Nikodem Klata: Czy stawiasz sobie każdego roku nowe postanowienia? Udaje Ci się je realizować czy może rozpływają się z czasem? Niekoniecznie musi chodzić o postanowienia sportowe 🙂
Ola Kieda: Postanowienia to chyba trochę takie cele. Cele stawiam sobie bardzo często. Określam je w czasie, żeby można go było właśnie zrealizować. Dzięki temu dużo osiągnęłam, a chcę jeszcze więcej 😎
NK: Zdarzyło ci się kiedyś realizować noworoczny trening z kacem? Czy w sylwestra pozwalasz sobie na alkohol? Jak wygląda impreza sylwestrowa triathlonisty?

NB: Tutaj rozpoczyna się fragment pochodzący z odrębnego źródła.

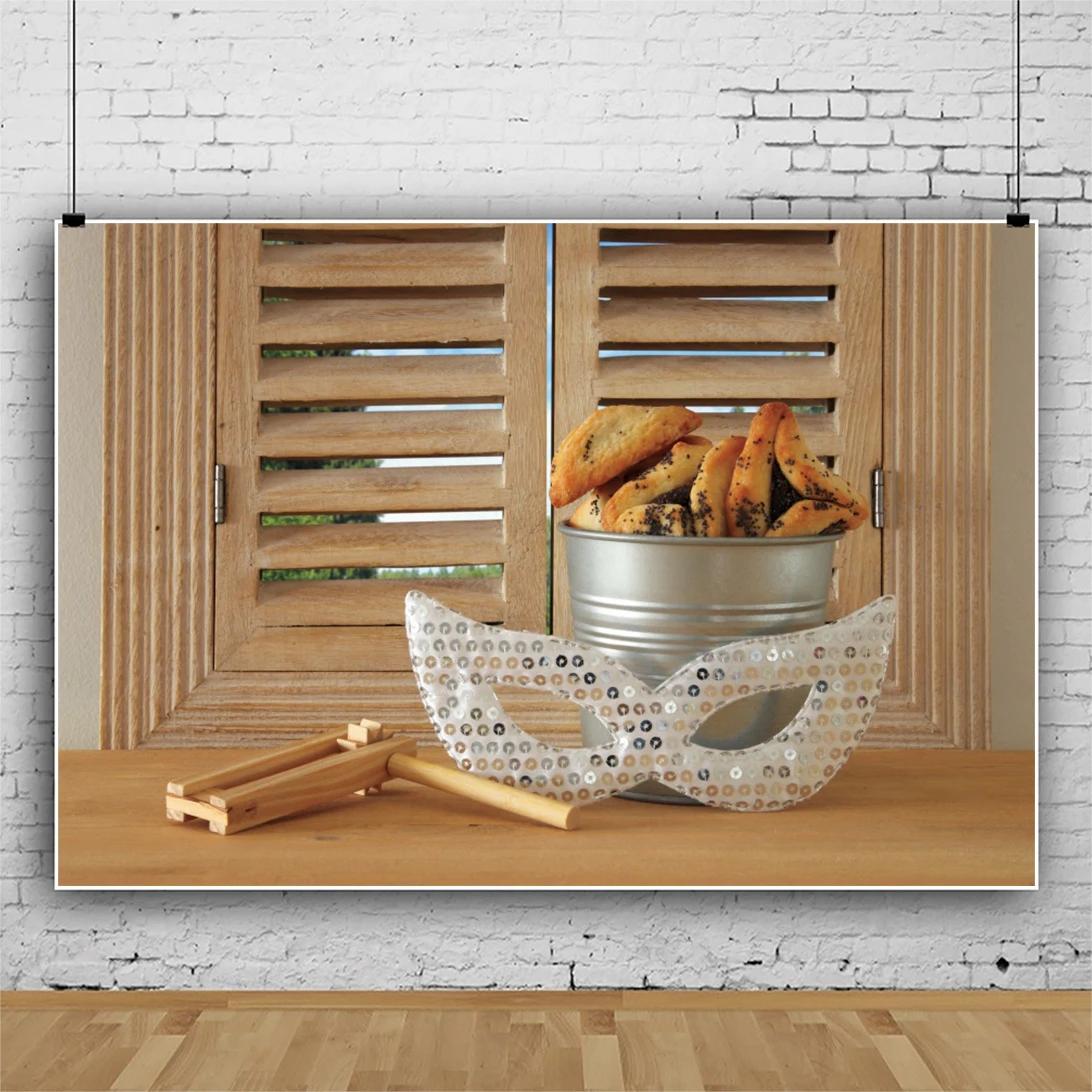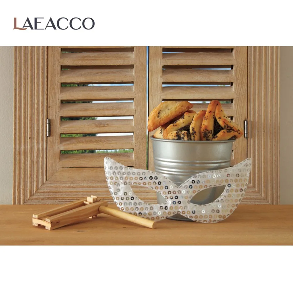 Фон для фотосъемки с изображением деревянной доски Laeacco Happy Purim Festival Bucket Haman's Ears десерт вечерние ринки
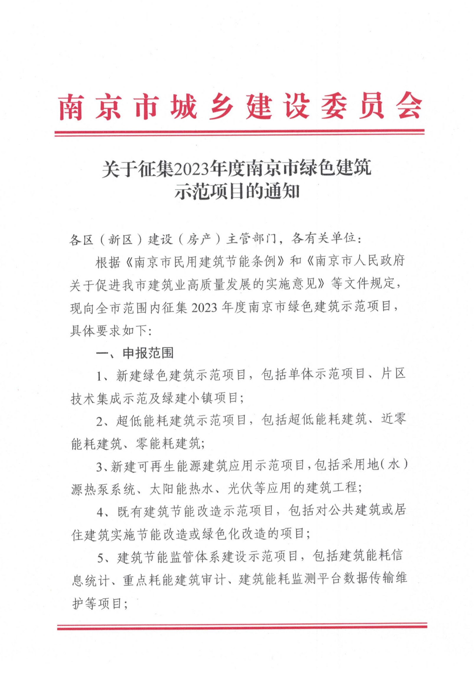关于征集2023年度南京市绿色建筑示范项目的通知
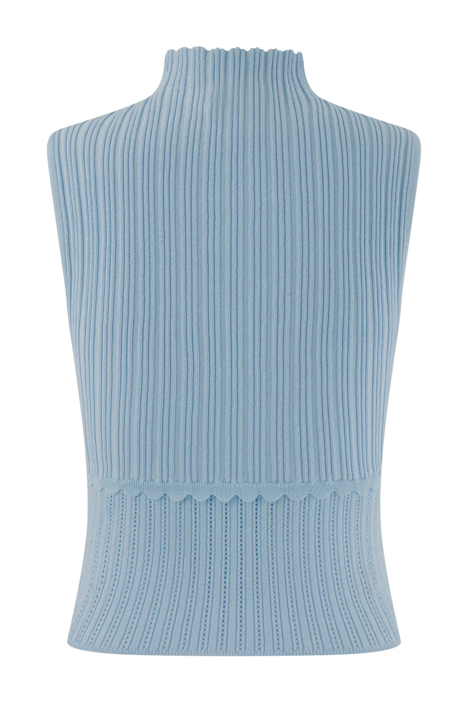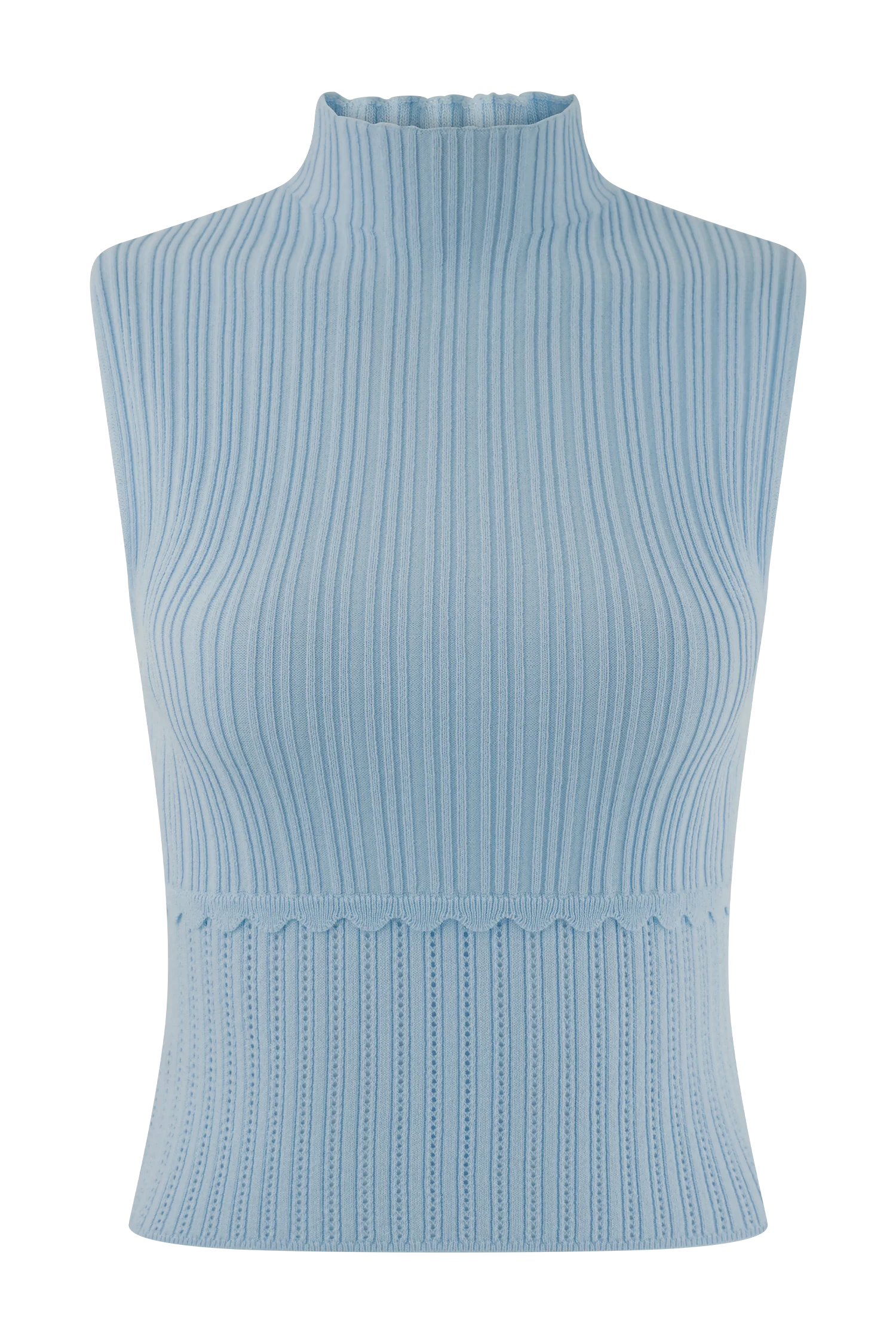 The INDY Pointelle Knit Top is a refined take on modern femininity. Designed with a high neckline and a sleeveless silhouette, this fitted top hugs the body while offering a delicate, textured appeal. Contrast rib detailing on the upper and lower body adds subtle dimension, while a scalloped waist frill brings a soft, romantic touch. Crafted in a pull-on design for effortless wear, this top pairs perfectly with the matching skirt for a coordinated look that blends sophistication with playful charm.

OK: Przez 4 lata nie piłam alkoholu. Po starcie na Hawajach uczciłam to właśnie alkoholem i od tamtej pory zdarza się coś wypić, ale w tej dziedzinie jestem bardzo ekonomiczna 😂 (lampka wina i już). Zawsze podczas imprez staram się większość czasu spędzać na parkiecie, alkohol się pojawi, a na nowy rok na pewno jakiś trening. Odnośnie do pytania wyżej to właśnie postanawiam zrezygnować znów z alkoholu po sylwestrze.
NK: Mówią: jaki sylwestrowe, taki nowy rok. Czy to powiedzenie się kiedyś u Ciebie sprawdziło?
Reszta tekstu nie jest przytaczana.